Der Sachverhalt war daher weder aus der Aktenlage in Verbindung mit der Beschwerde hinreichend geklärt, noch konnte sich aus den bisherigen Ermittlungen für das Bundesverwaltungsgericht zweifelsfrei ergeben, dass das Vorbringen nicht den Tatsachen entspricht (vgl. §21 Abs7 BFA-VG). Insoweit lagen die Voraussetzungen für das Unterbleiben einer mündlichen Verhandlung nicht vor.

III. Ergebnis

1. Der Beschwerdeführer ist durch das angefochtene Erkenntnis im verfassungsgesetzlich gewährleisteten Recht auf Durchführung einer mündlichen Verhandlung gemäß Art47 Abs2 GRC verletzt worden.

2. Das angefochtene Erkenntnis ist daher bereits aus diesem Grund aufzuheben.

3. Diese Entscheidung konnte gemäß §19 Abs4 VfGG ohne mündliche Verhandlung in nichtöffentlicher Sitzung getroffen werden.

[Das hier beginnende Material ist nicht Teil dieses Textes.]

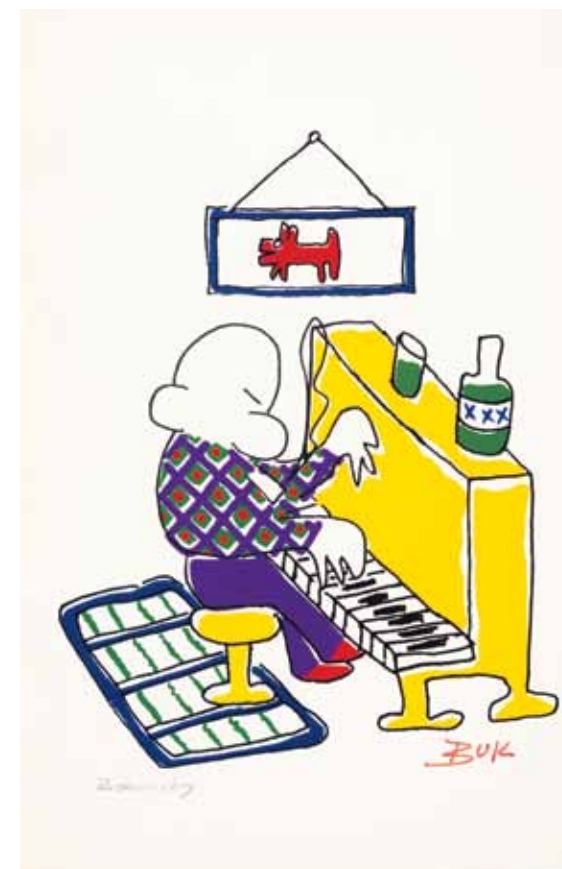
Illustration by Charles Bukowski.

This catalogue was printed in an addition of 500 copies and is available through Pitzer College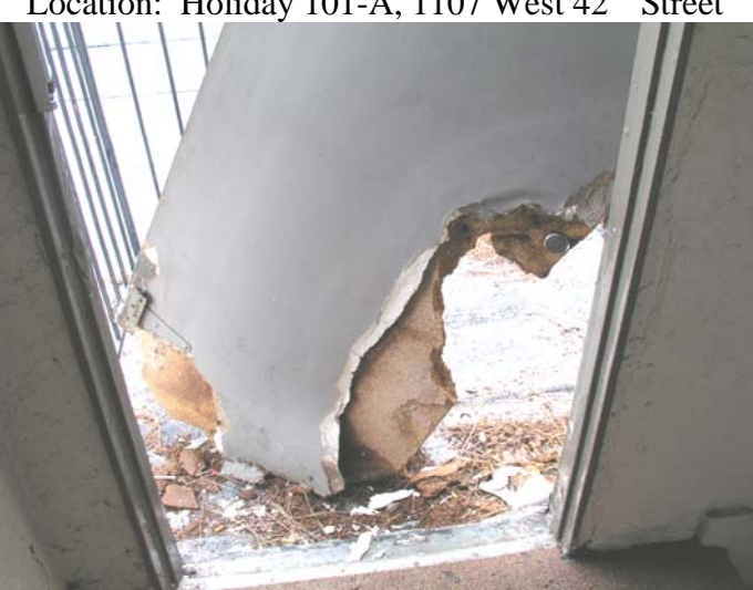
Location: Holiday 101-A, 1107 West 42<sup>nd</sup> Street

In addition, our earlier cursory review of Holiday Apartments building exteriors in March 2005 identified several significant problems, such as a deteriorated egress door, exposed electrical wiring, missing fire extinguisher, loose railing, rotted window frames, etc.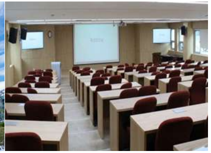
High-tech Lecture Room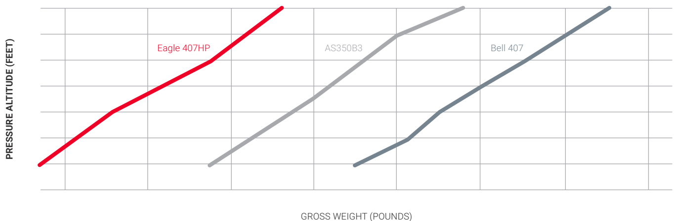
HOVER CEILING OUT OF GROUND EFFECT COMPARISON (20°C)

Developed with 'safety, performance and affordability' as top requirements, the Eagle 407HP is ideally suited for playing an even more demanding role wherever outperformance is a must: in security and law enforcement, utility services such as pipeline and power line construction, forest management, heli-sports, firefighting, EMS and more.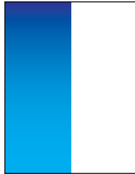
1/2 Page Vert. $175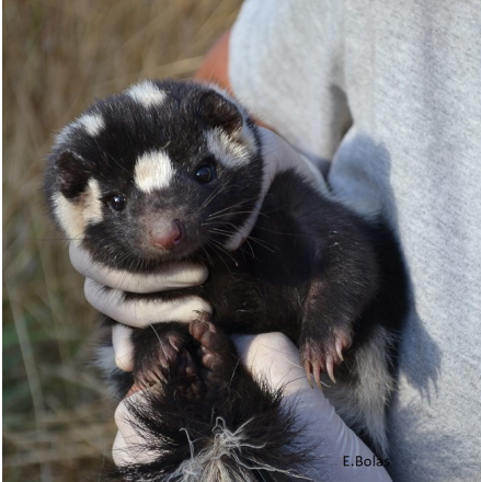
ISLAND SPOTTED SKUNK

Friends of the Island Fox (FIF) is a charitable corporation that was founded in March 2005. FIF is a joint effort of conservation professionals and concerned private citizens striving to support public education, research, and conservation efforts to ensure the island fox's continued survival on the Channel Islands.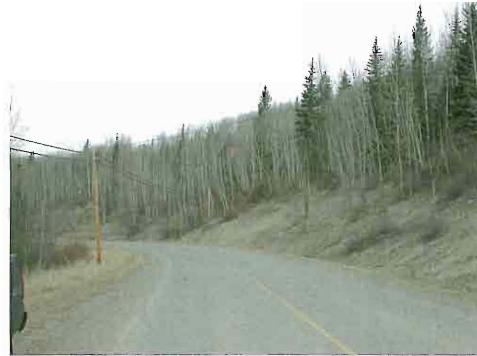
Photo 62: View north at cut slope on old Viewmount Road, subject to some surficial sliding, soil creep and erosion.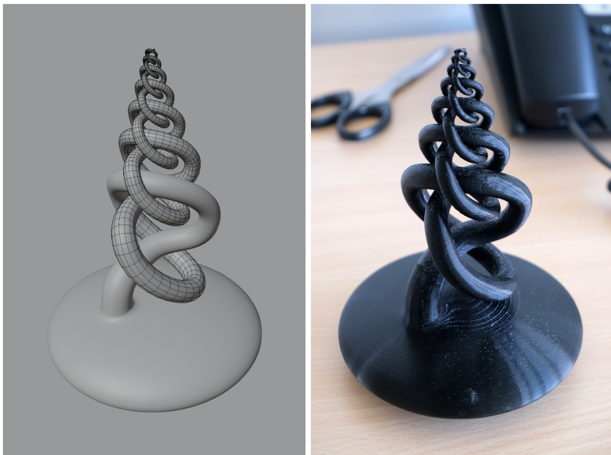
Figure 4: 3D model and 3D printed sculpture of the Fox-Artin sphere

The files used in this article can be freely accessed on http://lugri.net/maths/wildspheres.php .

4. Die Kostenentscheidung beruht auf §88 VfGG. In den zugesprochenen Kosten ist Umsatzsteuer in der Höhe von € 436,– enthalten.

Die als "ERV-Kosten" geltend gemachten Kosten sind schon deshalb nicht zuzusprechen, da diese bereits mit dem Pauschalsatz abgegolten sind (VfGH 20.2.2014, U1190/2013; 25.6.2014, U2671/2013; 26.11.2014, E873/2014).